Cognitive, Linguistic, and Psychological Sciences Department, Institute for Brain Sciences, Brown University Providence, RI, USA.
Front Psychol. 2011 Nov 15;2:326. doi: 10.3389/fpsyg.2011.00326. eCollection 2011.
Research progress in machine vision has been very significant in recent years. Robust face detection and identification algorithms are already readily available to consumers, and modern computer vision algorithms for generic object recognition are now coping with the richness and complexity of natural visual scenes. Unlike early vision models of object recognition that emphasized the role of figure-ground segmentation and spatial information between parts, recent successful approaches are based on the computation of loose collections of image features without prior segmentation or any explicit encoding of spatial relations. While these models remain simplistic models of visual processing, they suggest that, in principle, bottom-up activation of a loose collection of image features could support the rapid recognition of natural object categories and provide an initial coarse visual representation before more complex visual routines and attentional mechanisms take place. Focusing on biologically plausible computational models of (bottom-up) pre-attentive visual recognition, we review some of the key visual features that have been described in the literature. We discuss the consistency of these feature-based representations with classical theories from visual psychology and test their ability to account for human performance on a rapid object categorization task.
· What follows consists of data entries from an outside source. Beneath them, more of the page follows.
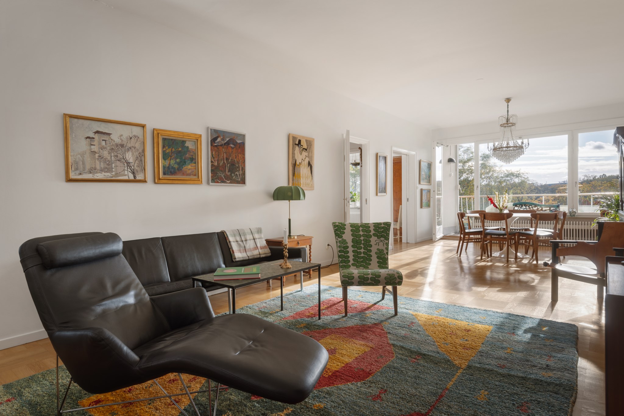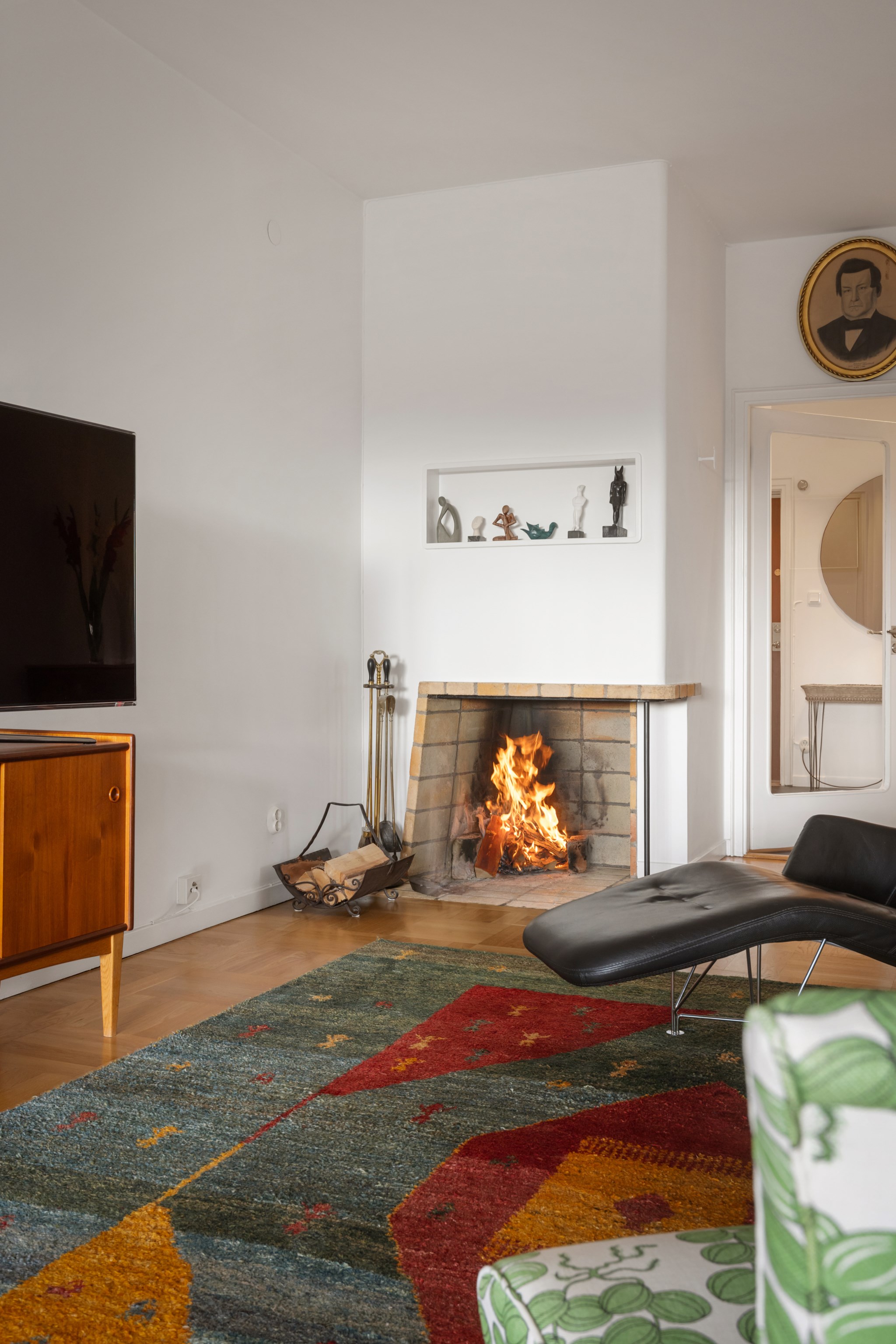Ett vardagsrum som verkligen bjuder in till umgänge – generöst tilltaget med plats för både soffgrupp, fåtöljer och ett stort matbord. Den fungerande öppna spisen skapar värme och atmosfär, medan de vackra fönsterpartierna ramar in rummet och släpper in rikligt med ljus. Härifrån nås även bostadens balkong. Rummet pryds av vacker stavparkett och ljusmålade väggar – en klassisk och inbjudande kombination som lyfter helheten.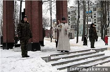 В Пскове 15 февраля почтили память советских военнослужащих, погибших во время войны Афганистане и других вооруженных конфликтах, отдав им воинские почести. Как передает корреспондент ПАИ, к 17.00 в сквере у Гарнизонного дома офицеров собралось несколько десятков ветеранов – участников боевых действий. Официальная часть началась с панихиды, которую отслужил настоятель храма Александра Невского отец Олег (Тэор).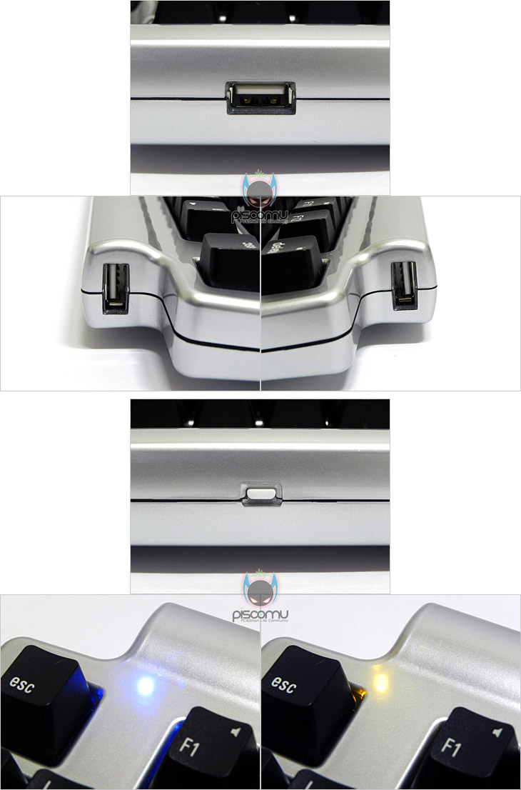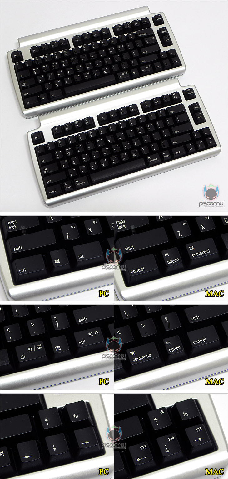 랩탑 프로(Laptop Pro)를 살펴보면, 가장 먼저 눈에 들어오는 부분은 전체적인 사이즈로 일반 키보드 작은 컴팩트 사이즈를 가지고 있습니다. 쉽게 말해, 오른쪽 숫자 키패드가 빠진 텐키리스와 비슷한 형태입니다. 전체 키 개수는 81키입니다. 베젤 형태는 실버색상의 하우징 형태로 처리가 되었으며, 전면이 두툼한 이유는 내부 배터리가 내장된 위치이기 때문입니다. 배터리 용량은 1500mAh입니다. 또한, 전면에는 USB 포트 3개를 지원하고 있는데, 전면 오른쪽과 전면 좌/우측에 각각 배치되어 있습니다. 그리고, 전면 가운데는 블루투스 사용을 위한 연결(페어링) 버튼으로 연결 작동 유무는 왼쪽 상위에 LED 램프 상태로 오렌지/블루 색으로 확인할 수 있습니다. 기본 자판 키 캡에는 한국 시장에 맞게 한글 레이아웃으로 적용되어 있으며, 레이저 각인으로 오랜 타이핑에도 지워지지 않겠습니다. 그리고, 왼쪽 Caps Lock키에는 LED가 적용했으며, 맨 오른쪽에는 특수 키와 Fn(펑션) 키가 배치되어 있는데, Fn키 조합으로 상위에 배열된 F1~F6키까지 음소커, 볼륨 조절, 재생 제어 기능을 지원하고 있으며, F9~F11키에는 특수 키 기능을 함께 지원하고 있는데, 역시 Fn키 조합으로 사용을 해야하겠습니다. 그리고, 랩탑 프로(Laptop Pro)에 적용된 스위치는 제조사에서 자체 개발한 스위치지만, 기본 바탕은 그 동안 제조사에서 자사의 모델들에 선보였던 알프스사의 스위치입니다. 현재, 대부분의 기계식 키보드에는 독일 체리(Cherry)사의 스위치가 적용되고 있지만, 제조사인 마티아스(Matias)는 예전부터 알프스사의 스위치를 고집했습니다. 그리고, 스위치가 단종된 이후에도 자체적으로 알프스 스위치를 연구 개발해 자사 모델에 계속 유지하고 있으며, 이번 랩탑 프로(Laptop Pro)에 적용된 스위치 역시 유사 알프스 스위치이면서 소음을 줄인 저소음 사일런스 버전이 되겠습니다. 실제, 제조사에선 해당 제품의 스위치 관련 비교 소음을 제공하고 있습니다. 그리고, 국내 출시되는 랩탑 프로(Laptop Pro) 버전은 기본 맥(Mac) 버전과 일반PC버전으로 출시되는데 두 제품의 차이는 먼저, 운영체제가 다르기 때문에 운영체제에 따른 기본 키가 일부 다른데, Ctrl, 윈도우 키, Alt 키가 윈도우 운영체제에 맞게 적용되어 있으며, 맥 버전으로는 방향키에 추가 기능이 함께 있습니다.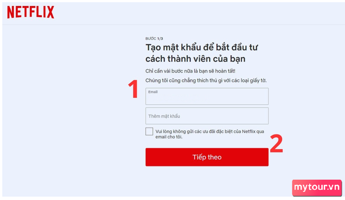 Bước 2: Nhập thông tin email và mật khẩu để đăng ký tài khoản > nhấn “Tiếp theo”.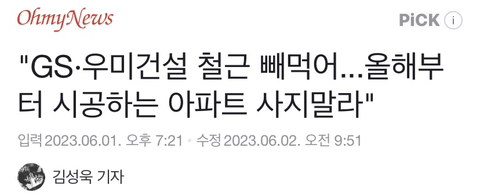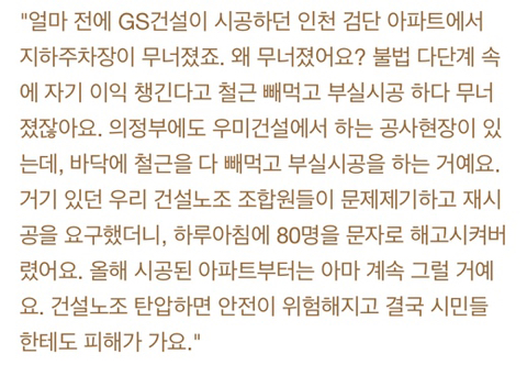 [여시뉴스데스크]"GS·우미건설 철근 빼먹어...올해부터 시공하는 아파트 사지말라" 작성자소리앙|작성시간23.06.03|조회수5,858 목록 댓글 24 글자크기 작게가 글자크기 크게가 출처 : https://naver.me/GpeiVHXq"GS·우미건설 철근 빼먹어...올해부터 시공하는 아파트 사지말라"국회 토론회에서 부실 공사 사례 공개... "건설노조 사라지면 시민이 피해" ▲ 처참한 붕괴 사고 현장 지난 5월 2일 오후 인천시 서구 검단신도시 모 아파트 신축 공사장에서 국토교통부 사고조사n.news.naver.com전문출처 다음검색 현재 게시글 추가 기능 열기 북마크 공유하기 신고 센터로 신고 댓글 댓글 24 댓글쓰기 답글쓰기 댓글 리스트 작성자감귤아기억할게 | 작성시간 23.06.03 어..? 나 검단에 임대 계약금 넣엇은데.. 우미................... 작성자사이온탱킹 | 작성시간 23.06.03 헐 작성자어떡헤요 | 작성시간 23.06.03 2017년 이후에 지어진 아파트 들어가지말라더니 와… 작성자그웬 스파이디 | 작성시간 23.06.03 내 친구 몇년 전에 청약 당첨된 아파트 검단 우미 같던데;; 작성자LoveAlwaysWins | 작성시간 23.06.03 나 곧 입주인데 아..ㅋㅋㅋ ㅅㅂ 댓글 전체보기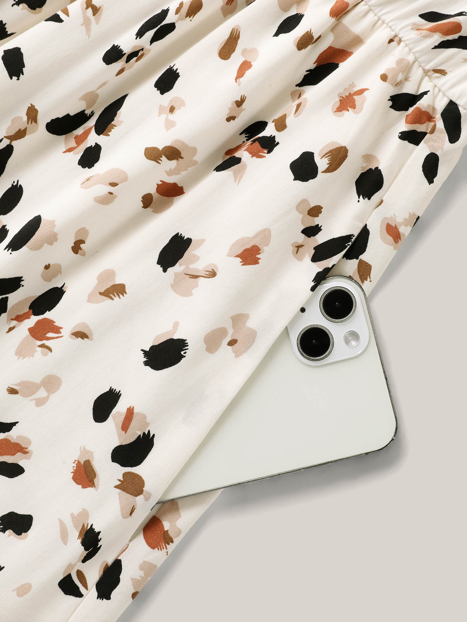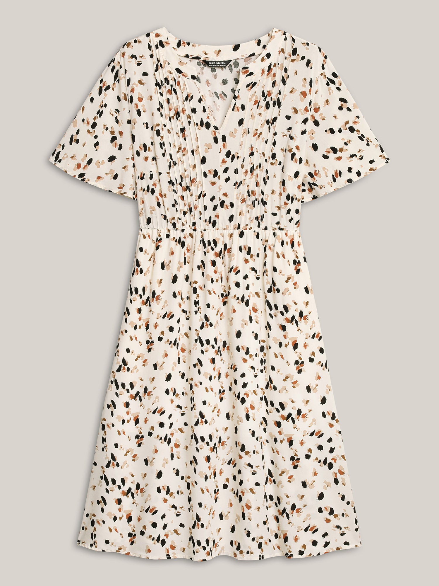 Rayon Toothpick Pleat Leopard Print Midi Dress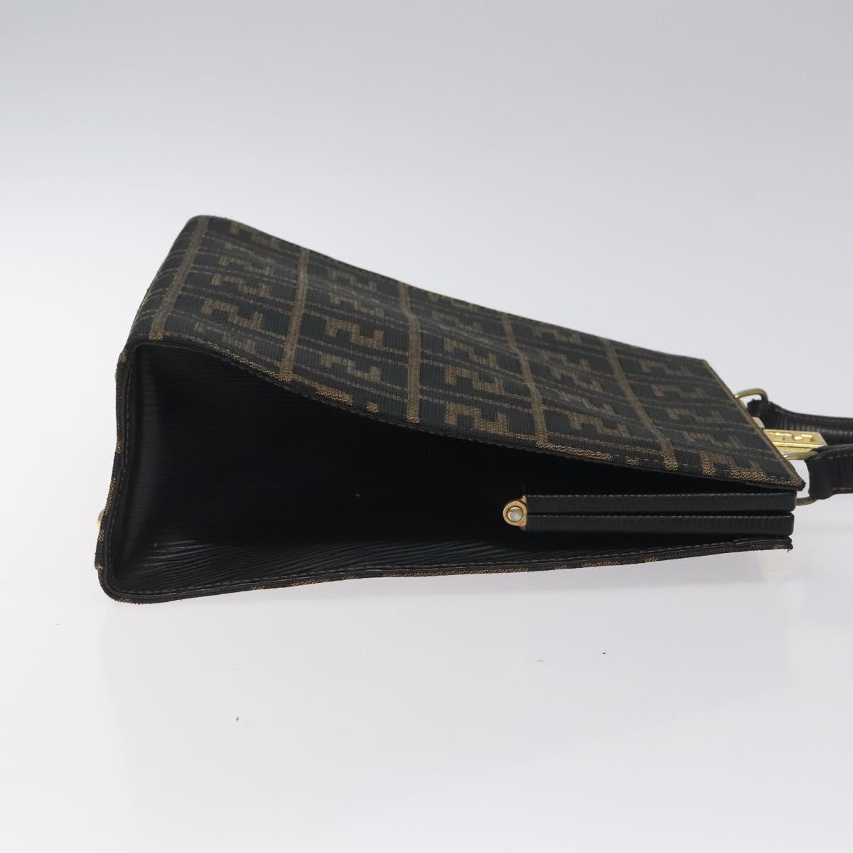 FENDI Zucca Canvas Hand Bag Brown Black gold Auth BD1571V

近年来,机器视觉领域的研究取得了重大进展。稳健的人脸检测和识别算法已经面向消费者推出,而用于通用目标识别的现代计算机视觉算法也正在应对自然视觉场景的丰富性和复杂性。与早期强调图形-背景分割和部分之间空间信息的目标识别视觉模型不同,最近成功的方法基于松散的图像特征集合的计算,而无需预先分割或任何显式的空间关系编码。虽然这些模型仍然是视觉处理的简化模型,但它们表明,原则上,松散的图像特征集合的自底向上激活可以支持自然目标类别的快速识别,并在更复杂的视觉例程和注意机制发生之前提供初始粗略的视觉表示。我们专注于(自底向上)非注意视觉识别的生物上合理的计算模型,回顾了文献中描述的一些关键视觉特征。我们讨论了这些基于特征的表示与视觉心理学经典理论的一致性,并测试了它们在快速目标分类任务中解释人类表现的能力。